I am My Favourite
ජීවිතේ සමහර වෙලාවට අපිට හිතෙනවා අපේ පෙනුමත් එක්ක මේ ලෝකෙට අපිව ගැලපෙන්නේ නෑ කියලා. සමහර වෙලාවට අපිට හිතෙනවා අපිට වඩා අනිත් හැම දෙනාම කොච්චර සතුටින්, කොච්චර සැහැල්ලුවෙන් ජීවත් වෙනවද කියලා. අපිව කොන් වෙලා, අපිව ගනන් ගන්න කව්රුත් නෑ කියන දේ හිතට ඇතුල් වුනාම අපිට ඒකෙන් මිදෙන්න සමහර වෙලාවට ටිකක් අමාරුයි. නමුත් මේ කිසි දෙයක් අපේ සාර්ථකත්වයට බලපාන්නේ නෑ. අපි ගැන අපිට විශ්වාස නම් අපේ ගමන පැහැදිලියි. ඉතින් මේ කතාව පුංචිම පුංචි කතාවක් එක්ක තේරුම් කරන්න ප්රබාශි සොයුරිය අපිට ලස්සන ආටිකල් එකක් දුන්නා. ඉංග්රීසි භාෂාවෙන් අද අපේ ආටිකල් එක දිගහැරෙනවා. මම මගේ කැමතිම කෙනා තමයි අද අපේ මාතෘකාව.. ඔබත් එකතු වෙන්න මේ සොඳුරු ආටිකල් එකත් එක්ක...
In one of the
largest subcontinent in the world, also under very restricted and cultural values are highly concerned context I
was brought up. I am Sarah Menon, who is the second child of a simple middle-class family consisting of graduated Papa
works for a state bank while Mom is a
proud housewife. I have a big brother who
works for multinational IT firm and my younger sister who does fashion designing and clothing textile engineering
course as her bachelors. I am, here the storyteller has
done bachelors in Traditional dancing and linguistics.
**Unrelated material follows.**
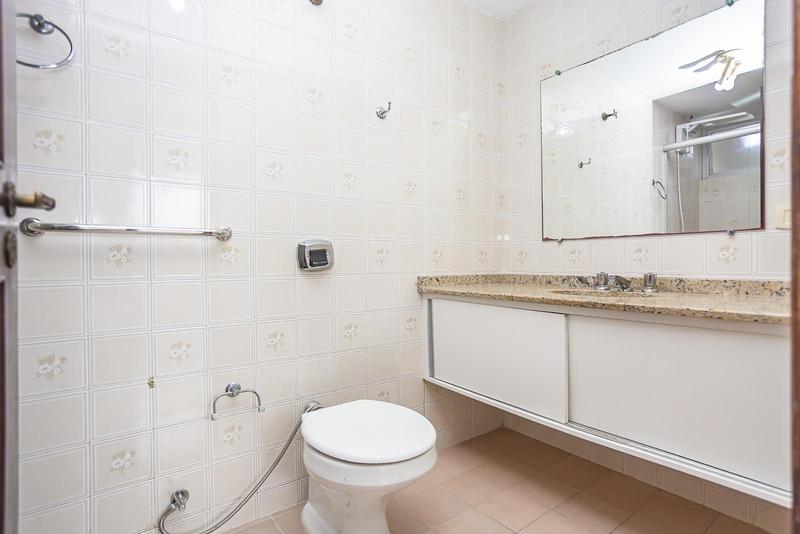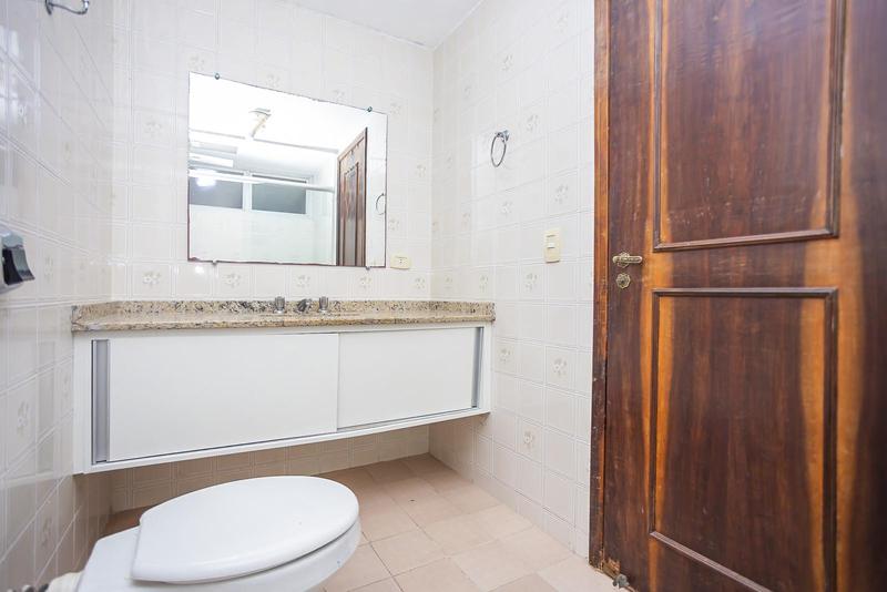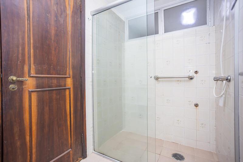 – Banheiro social com armário, espelho e box em blindex,

Keep in mind, all of the
above is to paint my content I am going
to be telling today. So its all starts
with a dream I had, which was to become
a volunteer and to become a diva when I was in childhood.
I was a fan of lots
of great dancers in the world. The morning
I was Madhuri, daytime I was Aishwarya, and for nights I was the pop star Michael.
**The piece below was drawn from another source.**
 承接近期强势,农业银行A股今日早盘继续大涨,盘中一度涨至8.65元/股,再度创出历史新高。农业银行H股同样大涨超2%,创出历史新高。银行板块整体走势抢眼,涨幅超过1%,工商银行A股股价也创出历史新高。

Meanwhile I had a little pain about
something which was really stressed me out. Because I was a girl who is more
than 5’6 in height, I was a girl who was
having quite darker complexion. Though I really loved the way I was, most of
the times my friends, my cousins and
sometimes my mother always highlighted the fact I am dark and too tall also to
my skinny body structure. Though I wanted to dance in the school stage I was
never allowed, because I was different
from others. I tried out lots of
fairness creams, workouts including
varieties of Pushups and Pullups to get rid of all of the complaints. I knew
that I am not interested as my sister does, or smart as my brother is. So I was a totally introverted person and fully focused on
my course which was a teaching thing. Once the degree got finished I started
going for a differently able student’s high school to teach dancing and
linguistics. That time my brother got married and my sister got a Fiancé. I was
completely out of that mindset because I thoroughly believed I am born to be
rejected. My mother searched for some people but they wanted an educated, well-paid job holding, fair and etc.. so before
they visit our house I searched the relevant person from Facebook, Instagram or snappy chat and said NO! .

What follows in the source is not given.